Zeitung Heute : Schneiden, halten, legen

Mit der Rosengreifschere unterwegs

Lena Hach

Ein typisches Merkmal der deutschen Sprache ist es, dass sich in ihr viele zusammengesetzte Nomen finden, Sprachwissenschaftler sprechen auch von Komposita: Sonnenblume, Tautropfen, Baumkrone. Es gibt viele solcher Beispiele. Doch längst nicht alle kommen so poetisch daher. Manchmal nimmt die Namensgebung auch gewöhnungsbedürftigere Formen an.

So finden sich in der Gartenabteilung großer Baumärkte beispielsweise auch so genannte Rosengreifscheren. Das Modell des Herstellers Fiskars, der neben gängigen Büroartikeln auch auf Gartenprodukte spezialisiert ist, wurde zur Einführung auf dem deutschen Markt mit dem iF produkt design award ausgezeichnet. Dabei handelt es sich um den Preis eines der ältesten Designwettbewerbe weltweit, der jährlich in Hannover vergeben wird. Prämiert wird die herausragende Gestaltung und nicht etwa der Name eines Produkts.

So verrät die Bezeichnung Rosengreifschere sofort, worum es geht: Mit der Spezialschere können Rosengewächse gleichzeitig geschnitten und gegriffen werden. Der Vorteil liegt auf der Hand: Weder fallen die Zweige beim Schnitt herunter, noch müssen sie umständlich mit der freien Hand festgehalten werden.
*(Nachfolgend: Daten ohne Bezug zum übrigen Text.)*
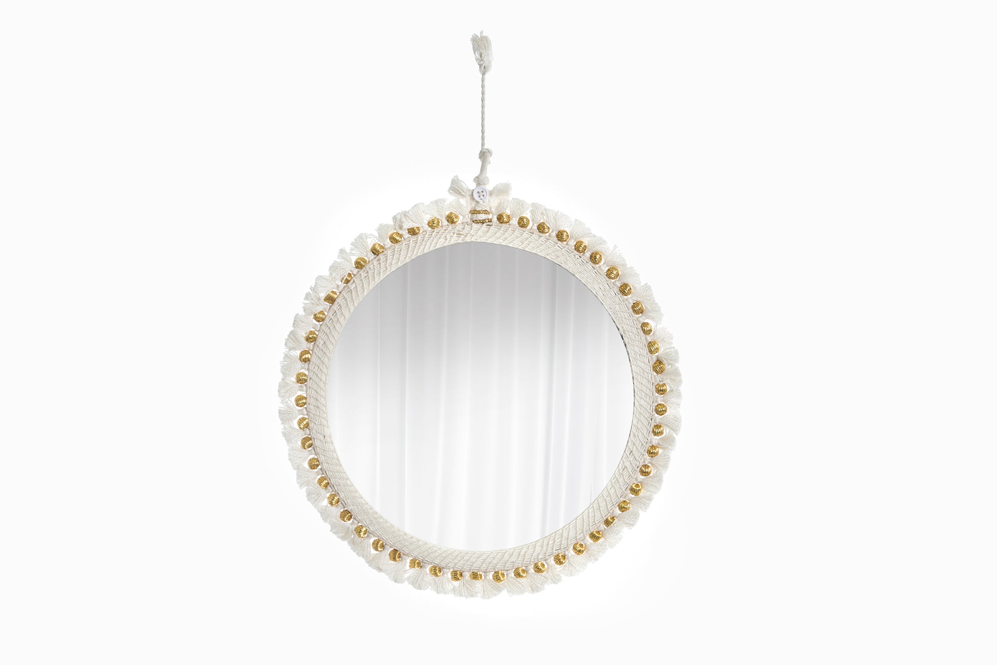 Miroirs ronds dans un cadre en coton blanc cassé avec des perles dorées et des pompons blanc cassé sur le pourtour.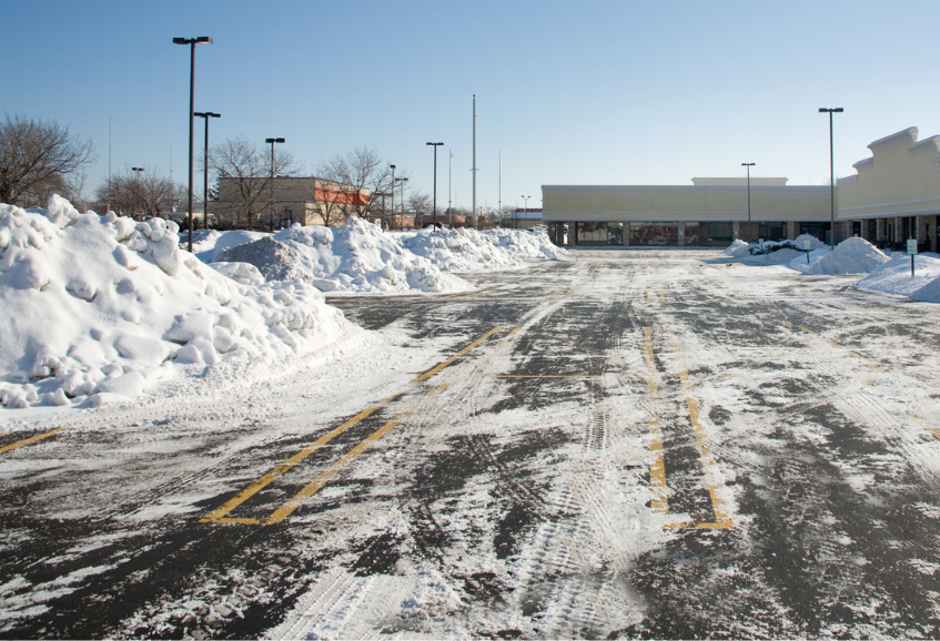 ・駐車場の雪山で来店台数が減っている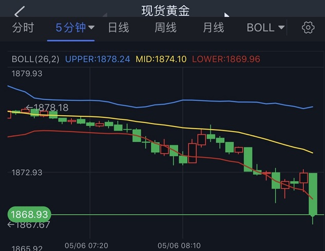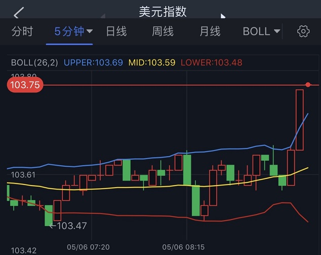 FX168财经报社(香港)讯 周五(5月6日)亚市早盘,美元指数短线跳升,现报103.75附近。现货黄金快速下跌,金价刚刚失守1870美元/盎司;现货白银也短线急跌,日内跌幅达到近1%。

Denn bekanntermaßen ist keine Rose ohne Dornen, weshalb ein beherzter Griff in den Rosenstock meist mit ungewünschten Folgen einhergeht. Vor dem Überreichen einer einzelnen Rose an die oder den Angebeteten sollte man diese jedoch zwischen den Klingen der Schere hervorholen. Ansonsten verliert die romantische Geste an Symbolkraft.

Im Übrigen lässt sich auch abgestorbenes Holz, das aus Büschen geschnitten wird, mit dem schnittigen Helfer leicht entsorgen. Da das Schnittgut festgehalten wird, braucht man sich nicht erst danach zu bücken und spätestens wenn wieder Barfußlaufen angesagt ist, freut man sich, dass sich keine dornigen Zweige im Gras verstecken.

Das Schneiden von Rosen ist eine Kunst. Die Schnitte müssen sorgfältig gesetzt werden, die Klinge darf nicht rupfen, sondern muss sauber schneiden. Der Selbstversuch in einer Gartenkolonie beweist, dass es die Amboss-Schere, bei der die Edelstahlklinge direkt auf ein Gegenstück trifft, auch wunderbar mit alten und hartnäckigen Rosenstöcken aufnehmen kann. Dabei ist die knappe 15 cm lange Schere überraschend leicht und liegt dank großer Griffe angenehm in der Hand. Um den Gärtner und/oder Rosenkavalier vor Verletzungen zu schützen, ist die Klinge großzügig mit Kunststoff abgedeckt, weshalb man die Schere zunächst auch für ein kinderfreundliches Exemplar zum Basteln halten kann.

Die Rosengreifschere ist sicher kein Muss. Es handelt sich eher um ein verspieltes Accessoire, das einen zumindest beim ersten Schnitt staunen lässt. Dann nämlich, wenn man merkt, dass die Blüte ja tatsächlich – wie von Zauberhand gehalten – nicht zu Boden geht. Übrigens finden sich im Angebot des Herstellers noch weitere Scheren mit ebenso phantasievollen Namen. So gibt es außer einer Schneidgiraffe zum Erreichen entfernter Äste beispielsweise auch einen Scherenstorch, der Heckenschneiden in aufrechter Haltung möglich macht. Lena Hach

Auf der Internationalen Grünen Woche stellen sich viele Hersteller mit Geräten, Maschinen und Ausstattungen für Landwirtschaft und Gartenbau sowie Sämereien mit ihren Produkten vor. Die Rosengreifschere von Fiskars gibt es ab circa sieben Euro. Rosen(greif)scheren haben alle großen Gartengerätehersteller im Angebot.